— DATA BLOCK —
=== Begin Enclosure ===

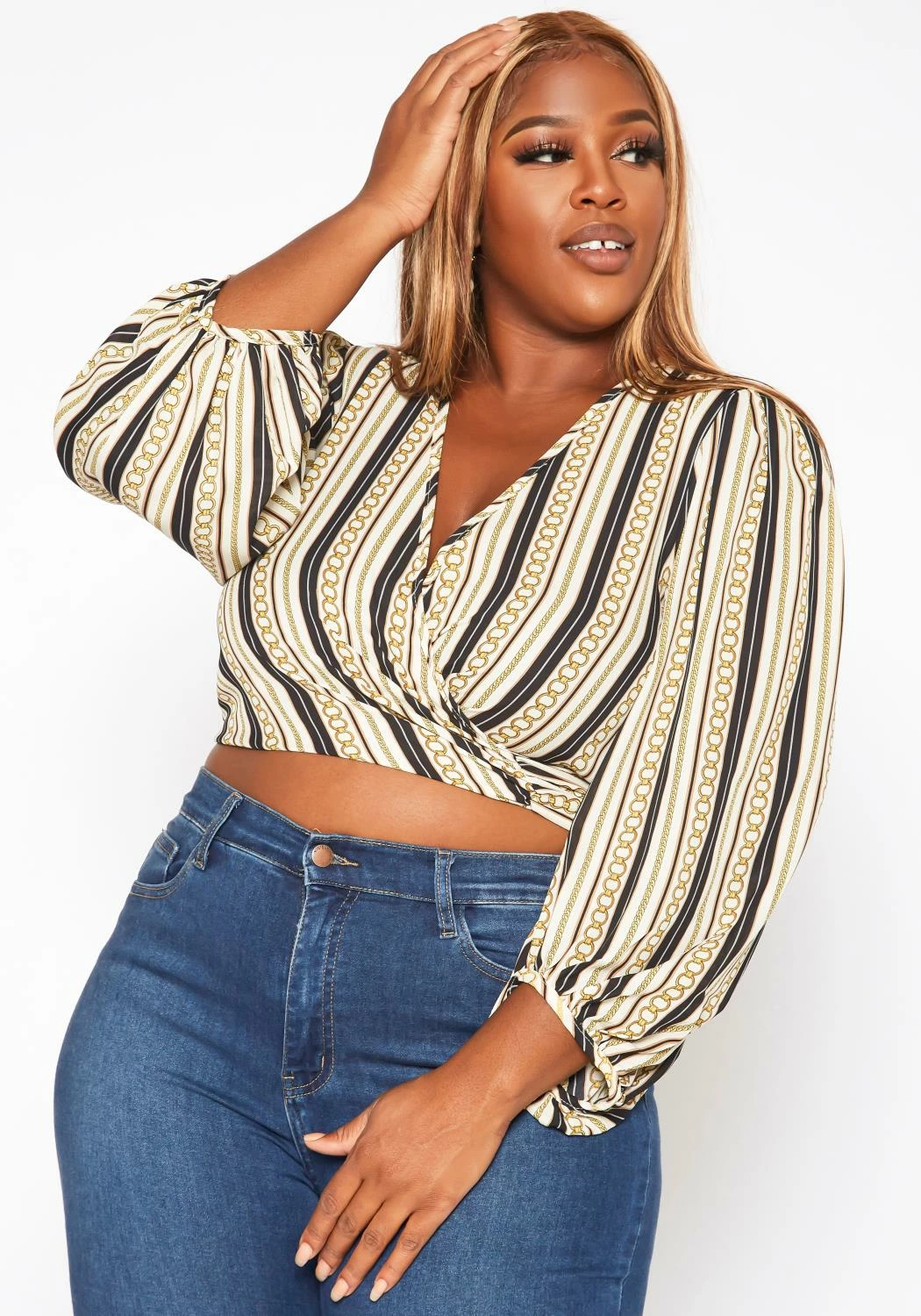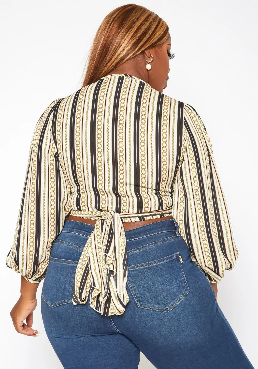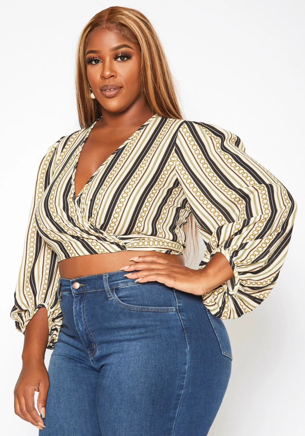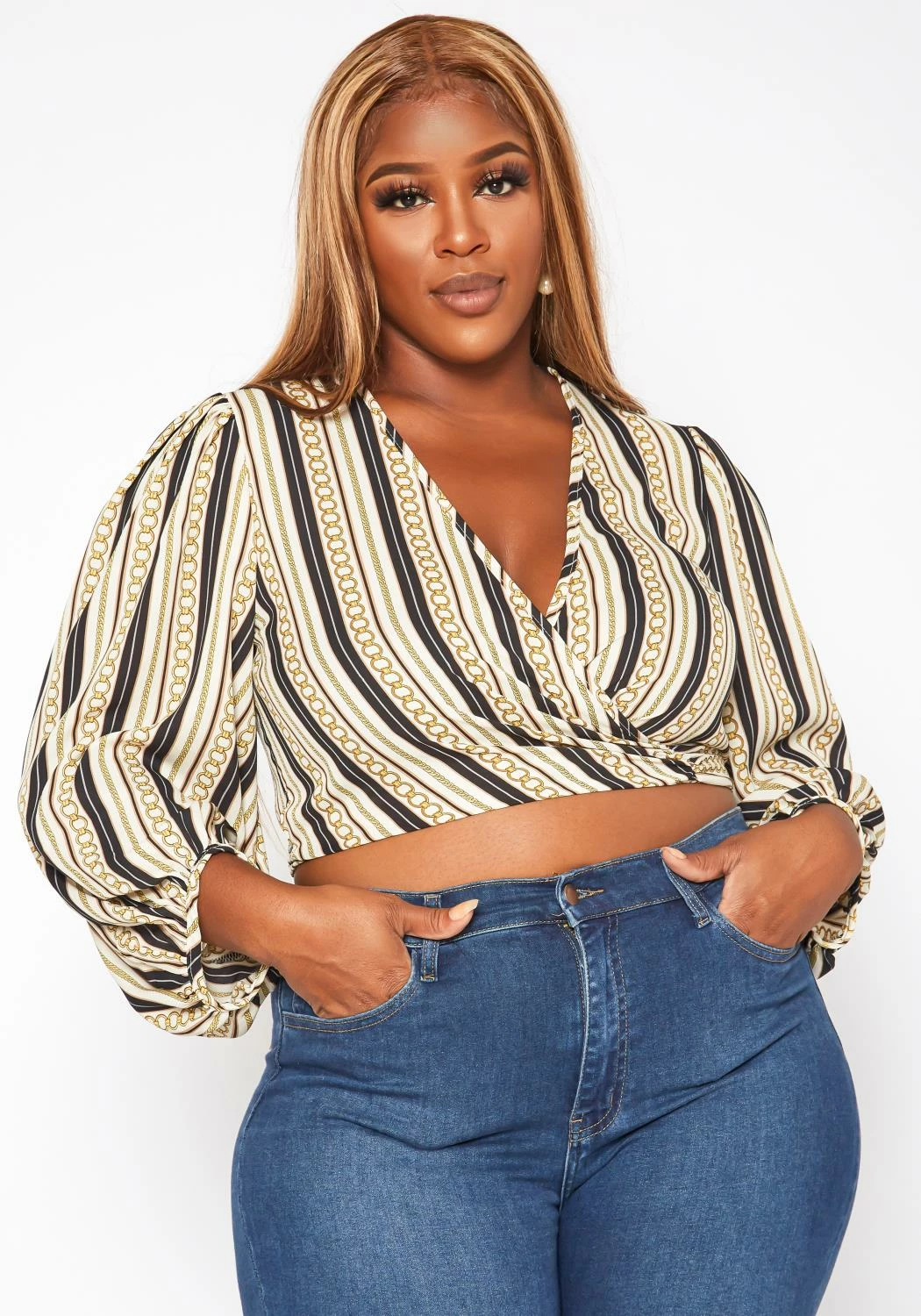 Lovely plus size women’s wrap crop top in chainlink-striped print mix, v-neck style, puffy long sleeves, elastic wrist cuffs and wrap self-tie closure.
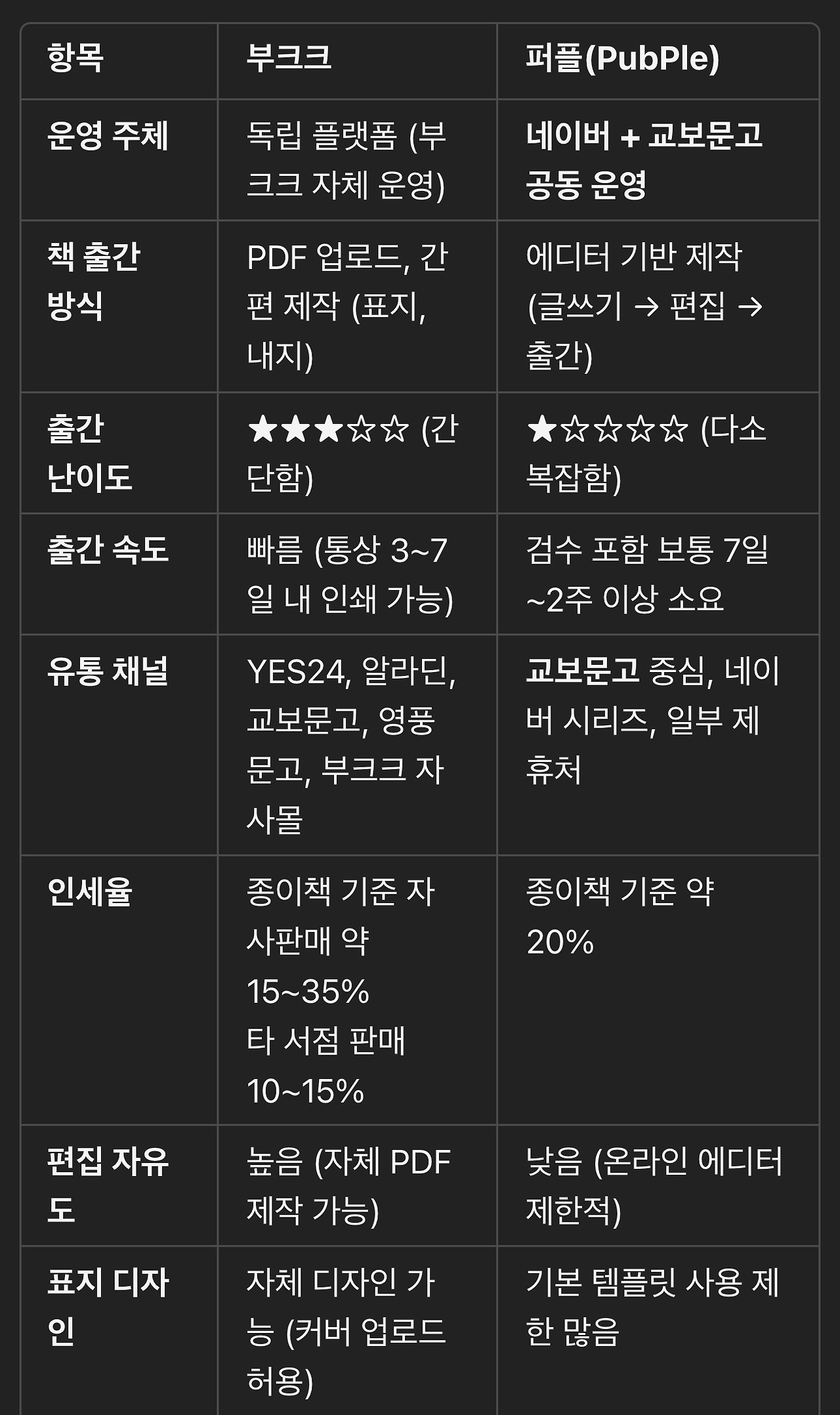이후 나는 대표적인 두 자가출판 플랫폼, **‘부크크’와 ‘퍼플(PubPle)’**을 비교해 보았다.
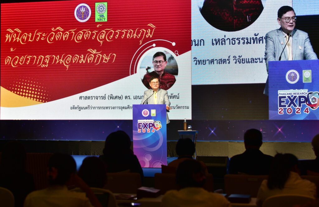 เมื่อวันที่ 29 สิงหาคม 2567 สำนักงานการวิจัยแห่งชาติ (วช.) กระทรวงการอุดมศึกษา วิทยาศาสตร์ วิจัยและนวัตกรรม จัดการประชุม หัวข้อเรื่อง “ขุมทรัพย์จากอดีต: ประวัติศาสตร์สยามรัถยา” โดยได้รับเกียรติจาก โดย ศาสตราจารย์ (พิเศษ) ดร.เอนก เหล่าธรรมทัศน์ อดีตรัฐมนตรีว่าการกระทรวงการอุดมศึกษา วิทยาศาสตร์ วิจัยและนวัตกรรม ปาฐกถาพิเศษ เรื่อง “พินิจประวัติศาสตร์สุวรรณภูมิด้วยรากฐานอุดมศึกษา” ซึ่งมี ดร.วิภารัตน์ ดีอ่อง ผู้อำนวยการสำนักงานการวิจัยแห่งชาติ ศาสตราจารย์ ดร.นพ.สิริฤกษ์ ทรงศิวิไล ประธานกรรมการส่งเสริมวิทยาศาสตร์ วิจัยและนวัตกรรม และรองศาสตราจารย์ ดร.ปรีดี พิศภูมิวิถี ผู้เชี่ยวชาญด้านประวัติศาสตร์ คณะศิลปศาสตร์ มหาวิทยาลัยมหิดล ให้การต้อนรับ ณ ห้องประชุม World Ballroom ชั้น 23 โรงแรมเซ็นทาราแกรนด์ และบางกอกคอนเวนชัน เซ็นเตอร์ เซ็นทรัลเวิลด์

=== End Enclosure ===

— EXERCISE —
When you repeat the material above, keep every word exact and leave out the pictures.

— TASK RESPONSE —
 Lovely plus size women’s wrap crop top in chainlink-striped print mix, v-neck style, puffy long sleeves, elastic wrist cuffs and wrap self-tie closure.
이후 나는 대표적인 두 자가출판 플랫폼, **‘부크크’와 ‘퍼플(PubPle)’**을 비교해 보았다.
 เมื่อวันที่ 29 สิงหาคม 2567 สำนักงานการวิจัยแห่งชาติ (วช.) กระทรวงการอุดมศึกษา วิทยาศาสตร์ วิจัยและนวัตกรรม จัดการประชุม หัวข้อเรื่อง “ขุมทรัพย์จากอดีต: ประวัติศาสตร์สยามรัถยา” โดยได้รับเกียรติจาก โดย ศาสตราจารย์ (พิเศษ) ดร.เอนก เหล่าธรรมทัศน์ อดีตรัฐมนตรีว่าการกระทรวงการอุดมศึกษา วิทยาศาสตร์ วิจัยและนวัตกรรม ปาฐกถาพิเศษ เรื่อง “พินิจประวัติศาสตร์สุวรรณภูมิด้วยรากฐานอุดมศึกษา” ซึ่งมี ดร.วิภารัตน์ ดีอ่อง ผู้อำนวยการสำนักงานการวิจัยแห่งชาติ ศาสตราจารย์ ดร.นพ.สิริฤกษ์ ทรงศิวิไล ประธานกรรมการส่งเสริมวิทยาศาสตร์ วิจัยและนวัตกรรม และรองศาสตราจารย์ ดร.ปรีดี พิศภูมิวิถี ผู้เชี่ยวชาญด้านประวัติศาสตร์ คณะศิลปศาสตร์ มหาวิทยาลัยมหิดล ให้การต้อนรับ ณ ห้องประชุม World Ballroom ชั้น 23 โรงแรมเซ็นทาราแกรนด์ และบางกอกคอนเวนชัน เซ็นเตอร์ เซ็นทรัลเวิลด์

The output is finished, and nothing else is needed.